I have a dataframe that I am working with in a Python based Jupyter notebook. I want to add an additional column based on the content of an existing column, where the content of the new column is derived from running an external API call on the original column.
The solution I attempted was to use a Python based UDF. The first cell contains something like this:
def analysis(old_column):
new_column = myapi.analyze(text=old_column)
return(new_column)
analysis_udf = udf(analysis)
and the second cell this:
df2 = df1.withColumn("col2",analysis_udf('col1'))

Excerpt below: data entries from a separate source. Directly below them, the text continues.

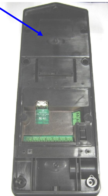
Physical Location of FCC Label on EUT
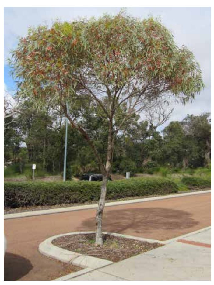
Coral Gum on Lakeside Drive, Joondalup
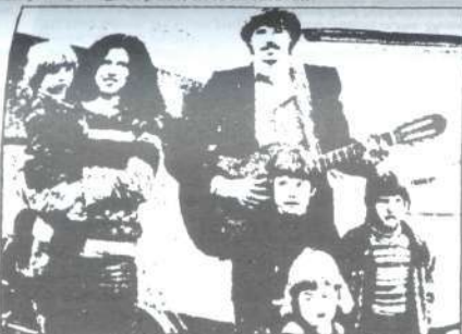
An American & his family have been travelling many years thru' Europe to bring the Gospel to the people. They are presently camping locally in their caravan.

df2.select('col2').show(n=5)
My dataframe is relatively large, with some 70000 rows, and where col1 can have a 100 to 10000+ characters of text. When I ran the code above in cell 2, it actually seemed to run fairly quickly (minutes), and dumped out the 5 rows of the df2 dataframe. So I thought I was in business. However, my next cell had the following code:
df2.cache()
df2.filter(col('col2').isNull()).count()
The intent of this code is to cache the contents of the new dataframe to improve access time to the DF, and then count how many of the entries in the dataframe have null values generated by the UDF. This surprisingly (to me) took many hours to run, and eventually provided an output of 6. Its not clear to me why the second cell ran quickly and the third was slow. I would have though that the df2.select('col2').show(n=5) call would have caused the UDF to run on all of the rows, and that one would have been slow, and then subsequent calls to access the new column of the dataframe would be quick. But that wasn't the case, so I supposed then that the cache call was the one that was actually causing the UDF to run on all of the rows so any subsequent calls now should be quick. So added another cell with:
df2.show(n=5)
Assuming it would run quickly, but again, it was taking much longer than I expected and it seems like perhaps the UDF was running again. (?)
My questions are
- Which Spark api calls actually cause the udf to run (or re-run), and how to structure the calls to run the UDF only once so that the new column is created with the text output by the UDF's python function.
- I have read that Python UDFs should be avoided because they are slow (seems correct) so what alternatives do I have when I need to use an API call to generate the new column?